There’s a light at the end of the tunnel, Denel says

The arms manufacturer claimed to have secured a solid order backlog of R18 billion, which covered roughly four years of sales revenue.


Rebuilding trust and credibility is key to saving state arms manufacturer Denel, according to the company.

Denel announced a R1.9 billion operating loss and a 36% drop in revenue in the 2018-2019 financial year.

“The decline in our reputation has also had a draining impact on our financial position.”

Despite maintaining an investment-grade credit rating, the company’s spokesperson Pam Malinda said the recent results reflected another “very difficult” year with revenue, but added that both the board and management were optimistic of the state entity’s future prospects and of a return to financial sustainability.

After being embroiled in maladministration and state capture allegations involving associates of the Gupta family, the company suffered major financial losses, which even hit its employees earlier this year when the struggling manufacturer announced it would only able to pay a portion of its employees’ salaries in June and July.

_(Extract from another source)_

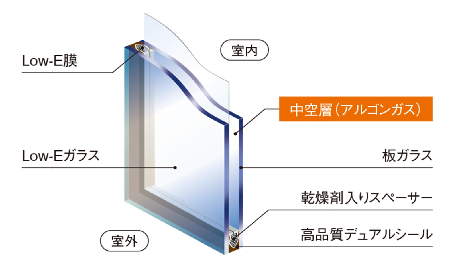 Low-E複層ガラス(アルゴンガス入り)
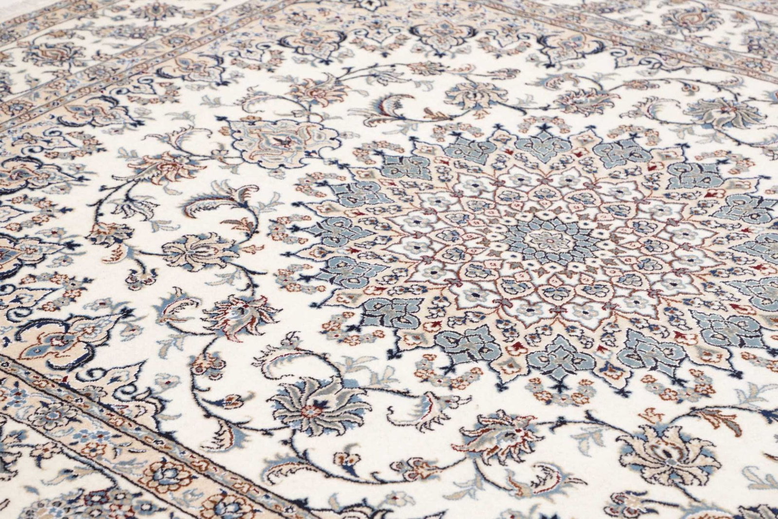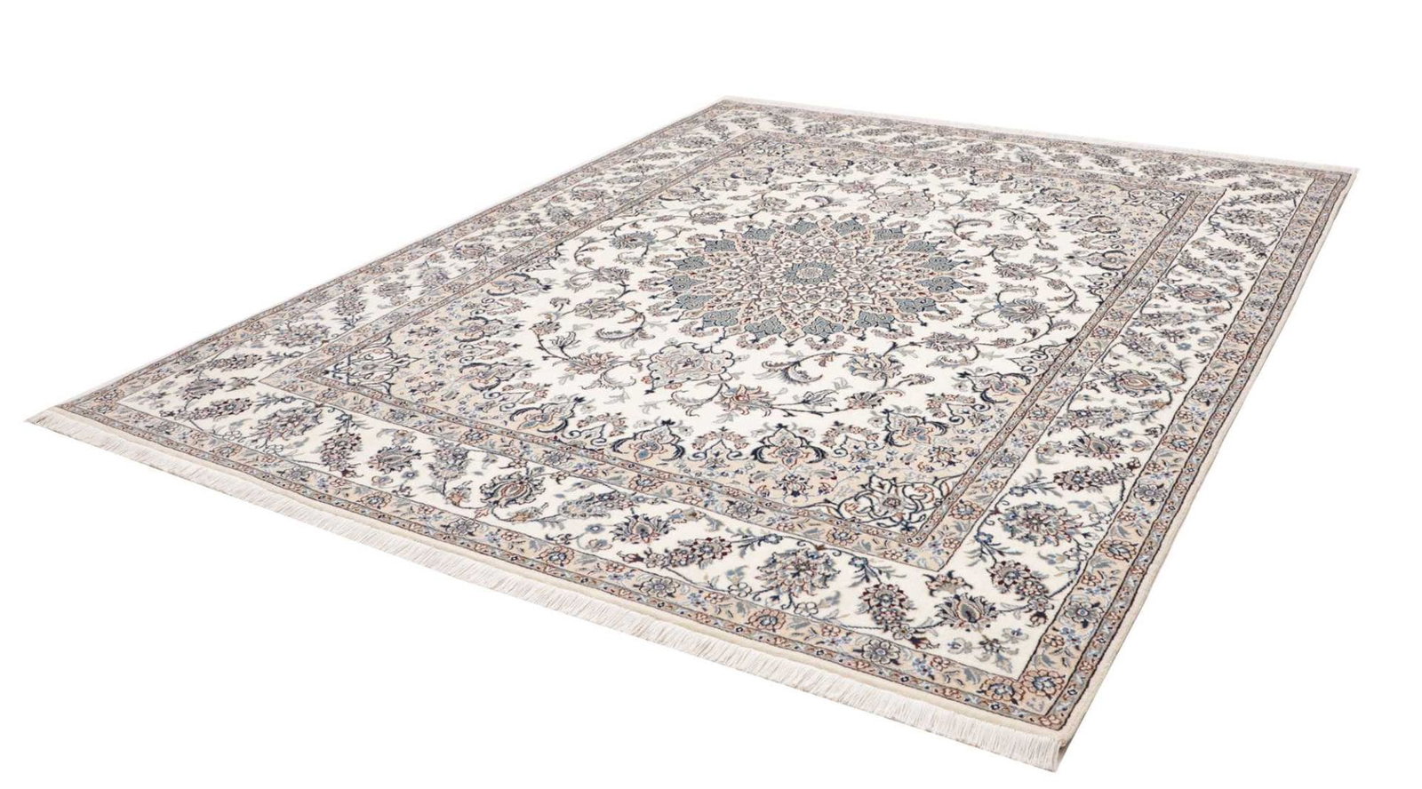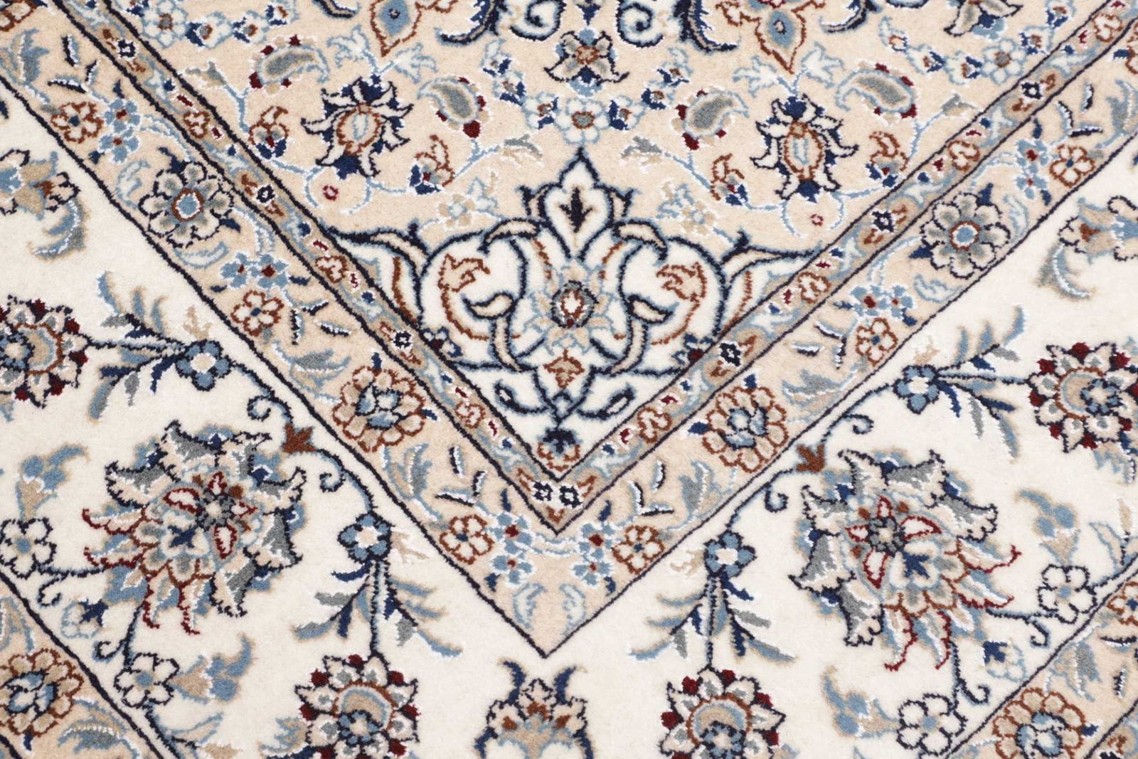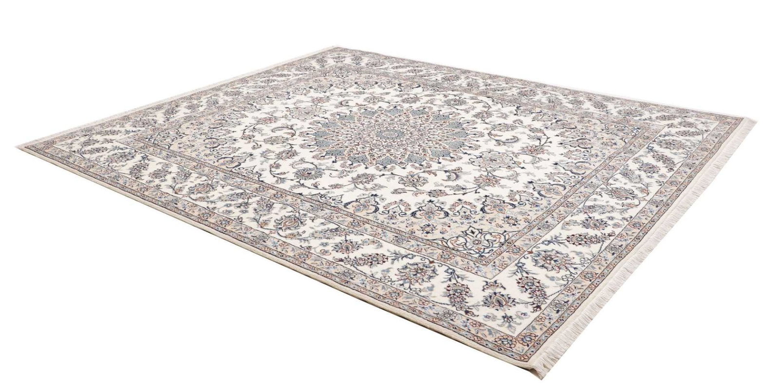 Nain Teppich | Knotendichte: ca. 200.000 Knoten/m² | Material: 100% Schurwolle (Flor), 100% Baumwolle (Kette) | Größe: 244×297 cm | Höhe: ca. 10-12 mm | Herkunft: Iran | Zustand: Handgeknüpft, exklusive Qualität | Muster: Klassische florale Motive und moderne Neuinterpretationen

This led to a fierce legal battle between the employer and trade union Solidarity, which approached the courts to force the company to make good on unpaid statutory payments.

“Denel is emerging from a period associated with allegations of state capture, financial irregularities and serious lapses in corporate governance,” said Malinda. “This had a debilitating impact on all areas of business and negatively affected business relationships with partners, suppliers and stakeholders.”

In addition to turnaround strategies to iron out its governance and financial issues, the arms maker was in the process of a complete overhaul, making new partnerships and restructuring.

Denel was expecting revenue to pick up in the medium term, with projections showing a moderate growth in revenue from R3.86 billion in 2020, R5.4 billion in 2021 and R7.14 billion in 2024.

Denel claimed to have secured a solid order backlog of R18 billion, which covered roughly four years of sales revenue.

It also had its sights on a “winnable pipeline”’ of R30 billion over the next four months.